Двадцать девятого сентября обэриуты снова, после годового перерыва, выступили в Капелле после вечера Маяковского. В этом выступлении еще участвовал Заболоцкий. Его стихи, как и произведения других членов группы, прочитал вслух Введенский. На этом вечере произошло знакомство обэриутов с Николаем Ивановичем Харджиевым, исследователем Хлебникова, знаменитым впоследствии коллекционером и историком русского авангарда. В самом конце года Хармс принял участие в диспуте о современной поэзии, который состоялся там же, в Капелле — и снова приглашены были москвичи: Шкловский и лефовцы, Николай Асеев и Семен Кирсанов. Дискуссия вылилась в триумф Заболоцкого. О нем восторженно говорил один из великой четверки «формалистов», почти легендарный Борис Эйхенбаум... Хармс прочитал «заумную декларацию», начинавшуюся словами «Ушла Коля». По мнению Синельникова, это был «упрек Заболоцкому, порвавшему с Обэриу, тогда как его соратники вынуждены были отстаивать прежние позиции»41.

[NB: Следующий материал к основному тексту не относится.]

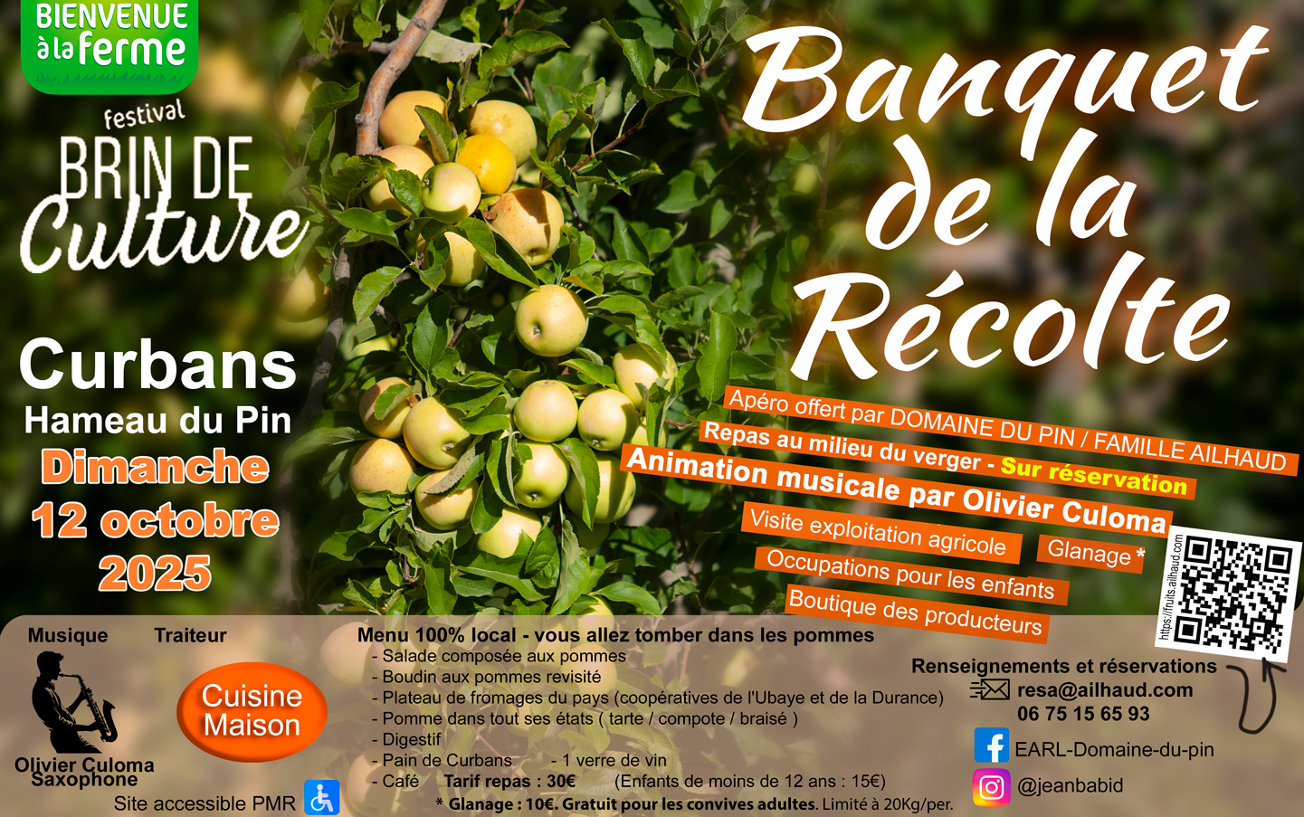 Le Domaine du Pin et Bienvenue àla Ferme vous proposent le Banquet de la Récolte, une fête à la ferme pour marquer la fin de la récolte 2025. La fête s'inscrit dans le festival Brin de Culture.
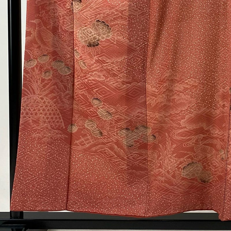【着物ランク】優品 【素材】正絹 【身丈】約156.5cm 【裄丈】約66cm 【袖丈】約48cm 【袖幅】約34.5cm 【前幅】約24.5cm 【後幅】約30cm 【サイズ】M 【着物仕立て】袷 【着用時期】10~5月 【状態ランク】ランクB 【着物着用シーン】披露宴、パーティー、式典、食事会、お茶会、正月
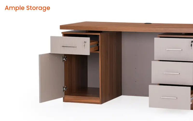 The Royaloak Genting Malaysian Office Table 1.4M is a versatile and stylish piece of office furniture designed to enhance productivity and comfort. Crafted from engineered wood with a sleek melamine finish, this table offers ample storage space with a convenient drawer and telescopic channel. Soft closure hinges provide a quiet and smooth closing experience, ensuring a peaceful working environment. The table's spacious leg room and wire manager keep your workspace organized and clutter-free, promoting a more efficient and enjoyable work experience. With its sturdy construction and long-lasting materials, this office table is built to withstand the demands of daily use, making it a reliable and valuable investment for your home or office. Buy stylish office desktop tables from Royaloak today, and enjoy the benefits of owning international furniture from India’s no.1 furniture brand. Malaysia, a culture-rich country, is popular for its high fashion and abundant resources. Due to its balanced climate, the wood from Malaysia stands a notch above the rest. Royaloak brings you the most modern compact designs that are functionally brilliant, aesthetically superior and will complement contemporary interiors.

Москвичи, вероятно, слушали все это с плохо скрываемым раздражением. И раздражение было обоюдным. Становилось все более очевидно: пути ленинградских поэтов, все еще именующих себя левыми, расходятся с ЛЕФом гораздо фундаментальнее, чем даже с неоклассиками. Когда ровесник Хармса, юнга ЛЕФа одессит Семен Кирсанов, начал читать свою «Циркачку»:

Мэри — наездница
У крыльца
С лошади треснется
Ца-ца, —

Хармс «поднял ворот пиджака, укрыл в него голову, сунул два пальца в рот и оглушительно свистнул. Кирсанов немедленно ответил: «Я тоже умею», и свистнул не менее оглушительно»42. Но дочитать стихи он так и не смог: публика требовала Заболоцкого...

Дойвбер Левин, 1930-е.

Асеев был старше Кирсанова и (в то время, по крайней мере) глубже его. Он увидел в обэриутах врагов и сумел по достоинству оценить их; три года спустя, в 1932-м, во втором номере журнала «Красная новь» была напечатана его речь на дискуссии ВСПП 16 декабря 1931 года — «Сегодняшний день советской поэзии». Там идет речь, между прочим, о

полнейшей творческой прострации таких вовсе не бездарных молодых поэтов, какими являются Заболоцкий, Хармс, Введенский, пытавшихся обосновать свой творческий метод на пародированной восстановленности архаических компонентов стиха... Они не замечали, что все их усилия, все их попытки обречены на бесплодие именно потому, что пародированность, которая искренне принималась ими за новаторство, могла лишь сосуществовать архаическим элементам стиха... Их формальная оппозиция традиционному трафарету, попытка провести ее через разлом формы привели их к обессмысливанию содержания. Таким именно образом, у Заболоцкого, например, издевательство над этой традицией обернулось в издевательство над действительностью... При этом необходимо указать, что... почти все подходящие под этот раздел поэты достигли довольно высокого уровня владения стихом43.

Семен Кирсанов, 1920-е.

По сочетанию тонкого понимания некоторых сторон поэтики ОБЭРИУ и явного недоброжелательства этот пассаж можно сравнить со статьей Толмачева. И это было одно из последних по времени упоминаний Хармса как «взрослого» поэта в печати при его жизни. Впрочем, мы забегаем вперед.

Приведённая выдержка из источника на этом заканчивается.